Onishchenko Resignation Announced, Then Denied
- By Gabrielle Tétrault-Farber
- Oct. 23 2013 00:00
- Last edited 21:05
The job status of Gennady Onishchenko, the influential longtime head of the country's consumer protection service, became the subject of much speculation Tuesday after Deputy Prime Minister Olga Golodets announced that he was resigning.
“Onishchenko's term as head of the Federal Consumer Protection Service has expired,” Golodets told journalists in Beijing, where she was accompanying Prime Minister Dmitry Medvedev on a state trip, news agencies reported. “This is why he is stepping down.”

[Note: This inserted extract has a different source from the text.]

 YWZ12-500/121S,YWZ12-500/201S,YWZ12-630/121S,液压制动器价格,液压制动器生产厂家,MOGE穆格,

But Onishchenko, who as head of the service has waged politically charged trade wars with Georgia, Moldova and other former Soviet states, quickly denied the news, telling Interfax that the “strange individual” who had announced his resignation was not among those deciding his fate.

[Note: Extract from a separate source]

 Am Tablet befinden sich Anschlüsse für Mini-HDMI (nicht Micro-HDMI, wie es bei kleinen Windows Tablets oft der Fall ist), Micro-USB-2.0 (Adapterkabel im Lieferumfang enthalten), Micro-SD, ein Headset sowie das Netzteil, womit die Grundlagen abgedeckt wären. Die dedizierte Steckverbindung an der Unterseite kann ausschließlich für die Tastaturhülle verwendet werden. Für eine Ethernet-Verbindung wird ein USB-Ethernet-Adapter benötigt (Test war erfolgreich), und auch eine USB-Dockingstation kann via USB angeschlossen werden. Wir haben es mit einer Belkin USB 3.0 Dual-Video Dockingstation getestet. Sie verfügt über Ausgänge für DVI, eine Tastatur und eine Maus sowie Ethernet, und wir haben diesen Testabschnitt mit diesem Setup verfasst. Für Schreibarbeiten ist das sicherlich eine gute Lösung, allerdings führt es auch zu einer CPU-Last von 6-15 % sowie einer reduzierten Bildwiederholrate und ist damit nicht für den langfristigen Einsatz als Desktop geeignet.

And Medvedev's spokeswoman, Natalya Timakova, confirmed that no order of resignation had been signed regarding Onishchenko, saying a decision would be made at a later date, RIA Novosti reported.
The seemingly conflicting statements signal that a battle could be taking place behind the scenes over Onishchenko's role in the government.
If Golodets' announcement holds true, however, it could spell the end of Onishchenko's controversial career as the powerful and eccentric protector of Russians' well-being and a trade warrior for President Vladimir Putin.
Onishchenko has served as head of the Federal Consumer Protection Service since 2004 and as Russia's chief sanitary inspector since 1996. Golodets said in her comments Tuesday that he would be replaced by his deputy Anna Popova, whom she called a “qualified doctor and good professional.”
The physician began his career in 1973 at the Soviet Transportation Ministry and occupied a series of high-ranking positions in the field of sanitation throughout his career, including at the Moscow Metro and the Soviet Health Ministry.
While the motives behind the resignation announcement remain unclear, Onishchenko's detractors throughout the former Soviet Union can sneer at the prospect that maybe — just maybe — he is bowing out because of an extreme case of food poisoning from Georgian wine, Lithuanian cheese or Ukrainian chocolate.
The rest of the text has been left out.